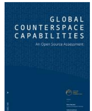
Ilustración 4: tapa del informe de la Secure World Foundation

La seguridad espacial se ha convertido en una cuestión política en los últimos años y ha habido una creciente preocupación por parte de varios gobiernos por la dependencia de las capacidades espaciales, vulnerables para la seguridad nacional. La proliferación de capacidades contraespaciales ofensivas podrían usarse para interrumpir, negar, degradar o destruir los sistemas espaciales. Esto, a su vez, ha llevado a una mayor retórica de algunos países sobre la necesidad de prepararse para futuros conflictos en la Tierra, que se extiendan al espacio. El espacio no es dominio exclusivo de los servicios militares y de inteligencia. La sociedad y la economía global dependen cada vez más de las capacidades espaciales, y un futuro conflicto en el espacio podría tener repercusiones negativas masivas a largo plazo. Incluso, la prueba de estas capacidades podría tener repercusiones negativas en la Tierra. Este dominio requiere el desarrollo de las diferentes opciones políticas, como sería el caso de otros problemas de seguridad nacional en los dominios aéreo, terrestre y marítimo.
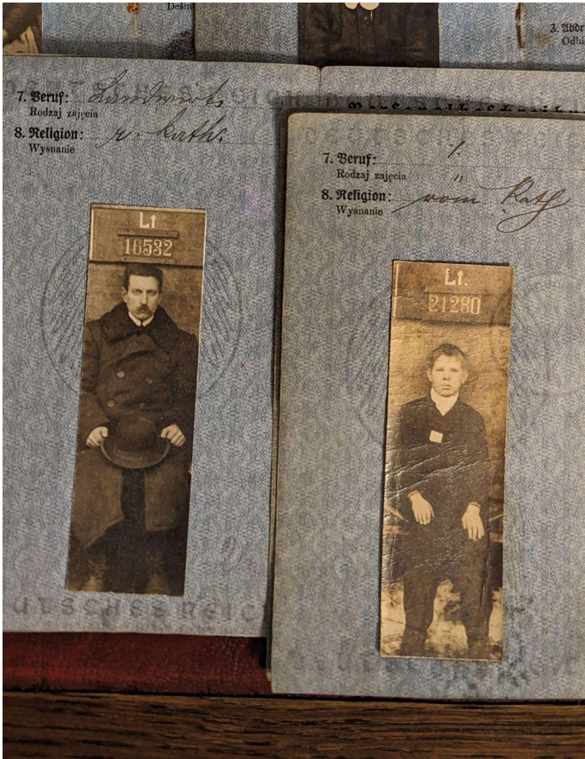
Pasai, kurie buvo išduodami Vokietijos okupuotose Lietuvos teritorijose Pirmojo pasaulinio karo metu

ASSIGNMENT »
Every line above is to be written out unchanged, with the pictures omitted.

SOLUTION FOR THIS PROBLEM »
Ilustración 4: tapa del informe de la Secure World Foundation

La seguridad espacial se ha convertido en una cuestión política en los últimos años y ha habido una creciente preocupación por parte de varios gobiernos por la dependencia de las capacidades espaciales, vulnerables para la seguridad nacional. La proliferación de capacidades contraespaciales ofensivas podrían usarse para interrumpir, negar, degradar o destruir los sistemas espaciales. Esto, a su vez, ha llevado a una mayor retórica de algunos países sobre la necesidad de prepararse para futuros conflictos en la Tierra, que se extiendan al espacio. El espacio no es dominio exclusivo de los servicios militares y de inteligencia. La sociedad y la economía global dependen cada vez más de las capacidades espaciales, y un futuro conflicto en el espacio podría tener repercusiones negativas masivas a largo plazo. Incluso, la prueba de estas capacidades podría tener repercusiones negativas en la Tierra. Este dominio requiere el desarrollo de las diferentes opciones políticas, como sería el caso de otros problemas de seguridad nacional en los dominios aéreo, terrestre y marítimo.
Pasai, kurie buvo išduodami Vokietijos okupuotose Lietuvos teritorijose Pirmojo pasaulinio karo metu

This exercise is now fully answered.